Houdini - Controlled Destruction - SOP Solver in DOPs
We can modify constraints and geos while a simulation runs by plugging in SOP Solvers inside a DOP.
The wirings go like this:
[Above] The blue SOP Solver messes with the incoming RBD Packed Object (after the Bullet Solver is done with it), and the red SOP Solver messes with the constraint network.
The various solvers plugged into the Multi Solver (green) are evaluated left-to-right.
In this case, the Bullet Solver does its thing to the packed object, moves shit around, then passes it to the blue SOP Solver. The blue SOP Solver then does its thing, and the whole thing loops around.
Inside the SOP Solver, we are given 4 streams of information:
“DOP Geometry” is the simmed object, “impacts” is a table of points of who hit who and where in the current loop (so if no one hit nobody on the current loop, the table is empty), “feedbacks” just sorta hangs around, and “relationship geometry” is the constraint network.
Modifying Geometry
Let’s start with this:
[Left] A packed Voronoi fractured object. [Right] The constraint network returned by the Voronoi Fracture.
We’ll ignore the constraint network and just sim her for now.
Pretty standard. But let’s say we want to break her up slowly, from top to bottom. Which means, we need to freeze all the pieces when the sim starts, and gradually, unfreeze them as the sim progresses.
@active
RBD Solvers like Bullet read a point attribute called i@active
. When a point has i@active = 0
, it’s treated as static. So all we gotta do is set i@active = 1
to an ever increasing number of points as the sim plays.
Inside the blue SOP Solver:
We group points with a downward-animated bounding box. As the box travels down, more points become part of this group:
Next, we Wrangle over the points of this group and set i@active = 1
– making them suddenly “dynamic” and subjected to the forces of the sim e.g. gravity. Thus, giving us this result:
Modifying Constraints
Now, we setup the usual constraint properties outside the DOP and wire up the Constraint Network. This gives us this rather grotesque thingee:
What’s happening is that, as the pieces become active, they are also Hard Constrained to each other, so they can’t break away from each other completely.
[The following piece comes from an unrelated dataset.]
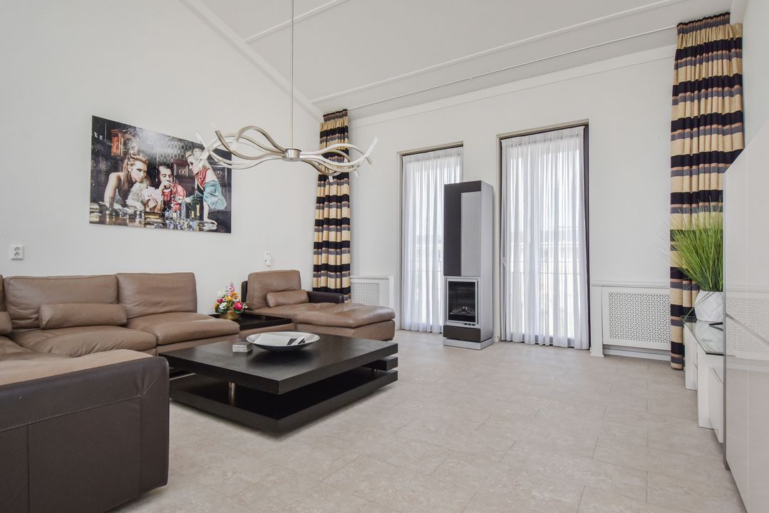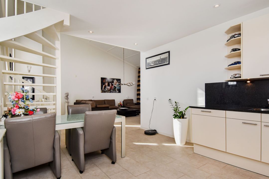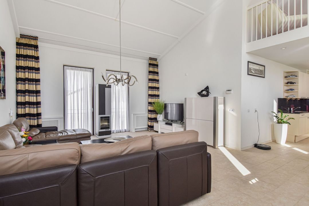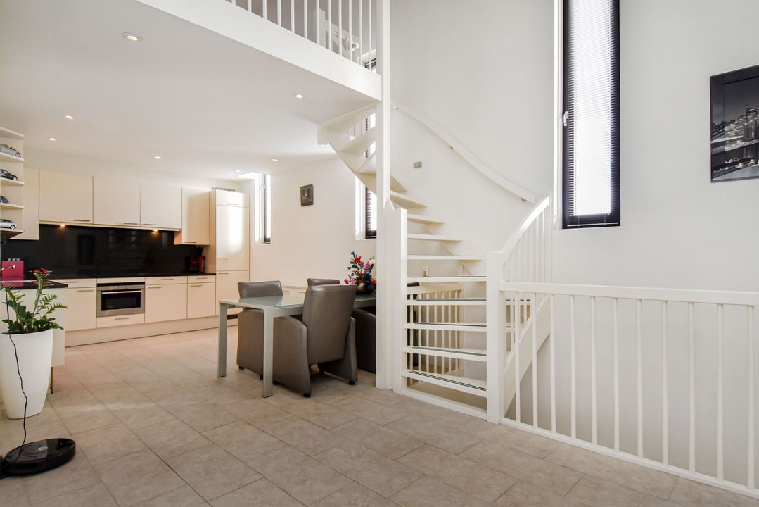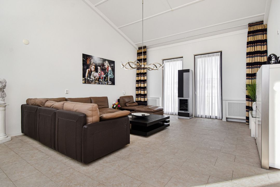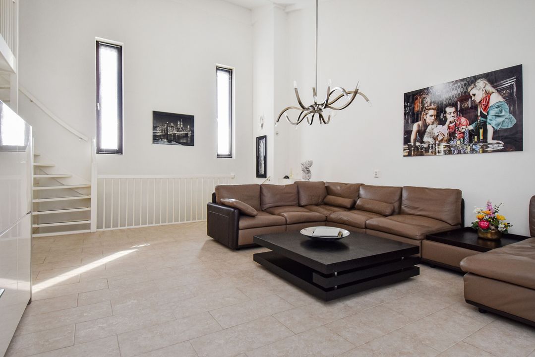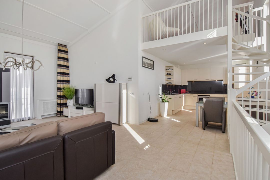 Via de trap bereikt u de lichte en ruime woonkamer van ca. 36 m² met hoge nok en ramen aan beide zijden. De plavuizenvloer met vloerverwarming zorgt voor comfort en een moderne uitstraling.

What we want is to remove the constraints, maybe on a slight delay after the pieces become active, so we get a little bit of this “sticking” behaviour, while also having them eventually fall apart and away.
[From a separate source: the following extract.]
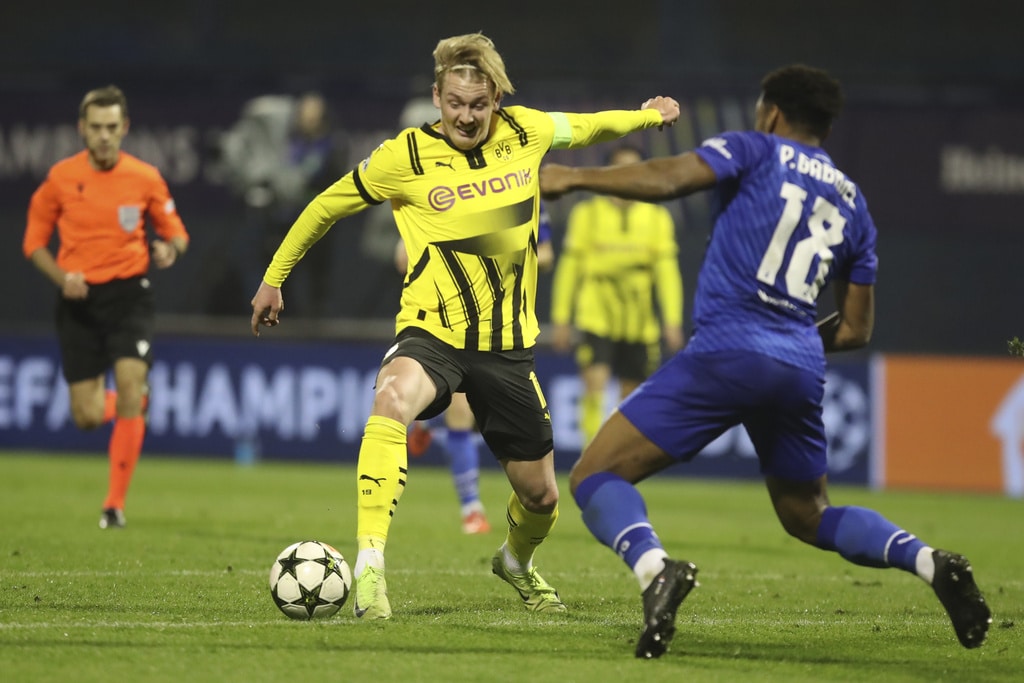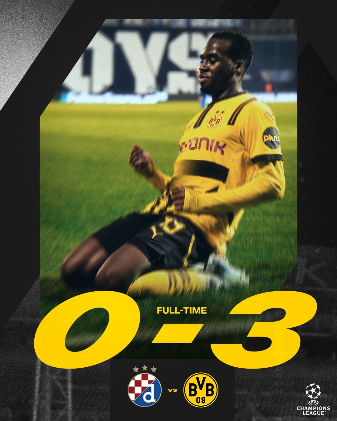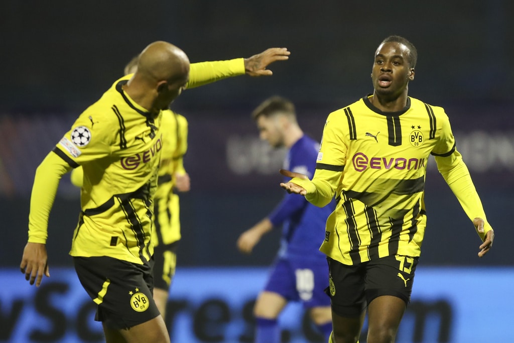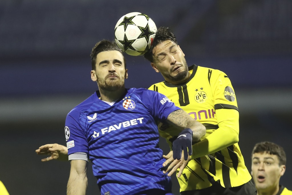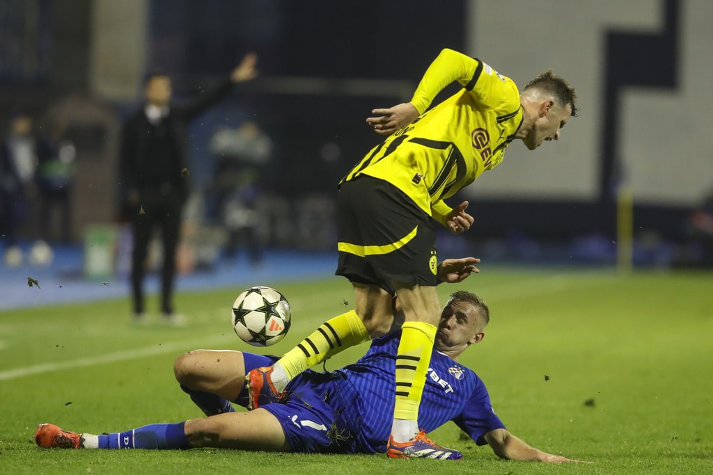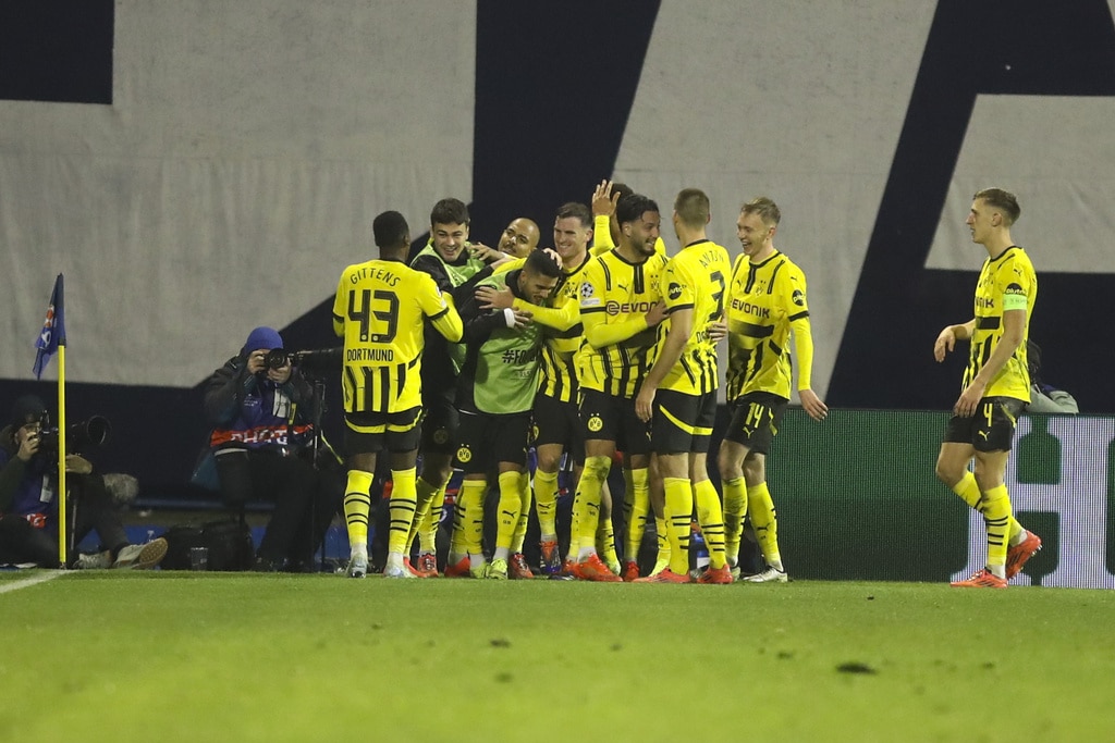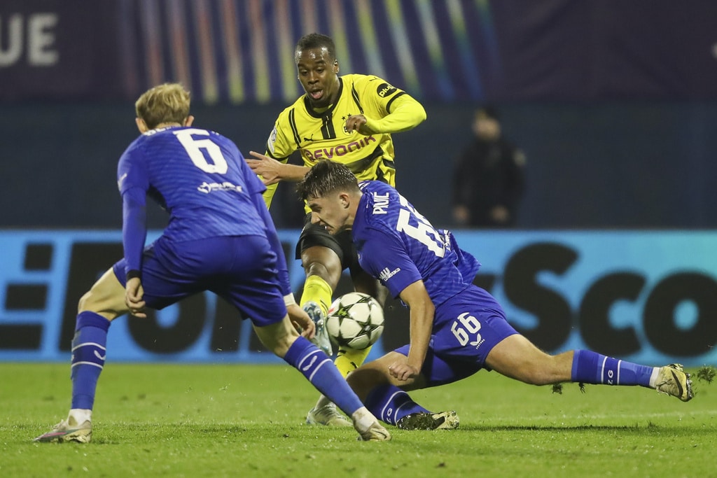 Dinamo’s Sandro Kulenovic, left, jumps for a header with Dortmund’s Ramy Bensebaini during the Champions League soccer match between Dinamo Zagreb and Dortmund at Maksimir Stadium, in Zagreb, Croatia, Thursday, Nov. 28, 2024. (AP Photo)Dortmund’s Julian Brandt, left, is challenged by Dinamo’s Ronael Pierre-Gabriel during the Champions League soccer match between Dinamo Zagreb and Dortmund at Maksimir Stadium, in Zagreb, Croatia, Wednesday, Nov. 27, 2024. (AP Photo)Dortmund’s Felix Nmecha, left, is in action during the Champions League soccer match between Dinamo Zagreb and Dortmund at Maksimir Stadium, in Zagreb, Croatia, Wednesday, Nov. 27, 2024. (AP Photo)Dortmund’s Jamie Bynoe-Gittens, right, celebrates after scoring his side’s opening goal during the Champions League soccer match between Dinamo Zagreb and Dortmund at Maksimir Stadium, in Zagreb, Croatia, Wednesday, Nov. 27, 2024. (AP Photo)Dortmund’s Jamie Bynoe-Gittens, centre, scores his side’s opening goal during the Champions League soccer match between Dinamo Zagreb and Dortmund at Maksimir Stadium, in Zagreb, Croatia, Wednesday, Nov. 27, 2024. (AP Photo)Dortmund’s Pascal Gross is tackled by Dinamo’s Luka Stojkovic during the Champions League soccer match between Dinamo Zagreb and Dortmund at Maksimir Stadium, in Zagreb, Croatia, Wednesday, Nov. 27, 2024. (AP Photo)Dortmund players celebrate after Ramy Bensebaini scored his side’s second goal during the Champions League soccer match between Dinamo Zagreb and Dortmund at Maksimir Stadium, in Zagreb, Croatia, Thursday, Nov. 28, 2024. (AP Photo)

So, inside the red SOP Solver:
This time, we want the “relationship geometry” – which is the Constraint Network. And just like we did with the bounding box, this time, we animate a Clip and rather crudely, just crop away the wireframe over time:
The final result is a mix of the two: pieces become active, hold together for just a bit then break away. Because we didn’t clip the constraints at the bottom, we get this cool big huge chunk breakaway thingee towards the end.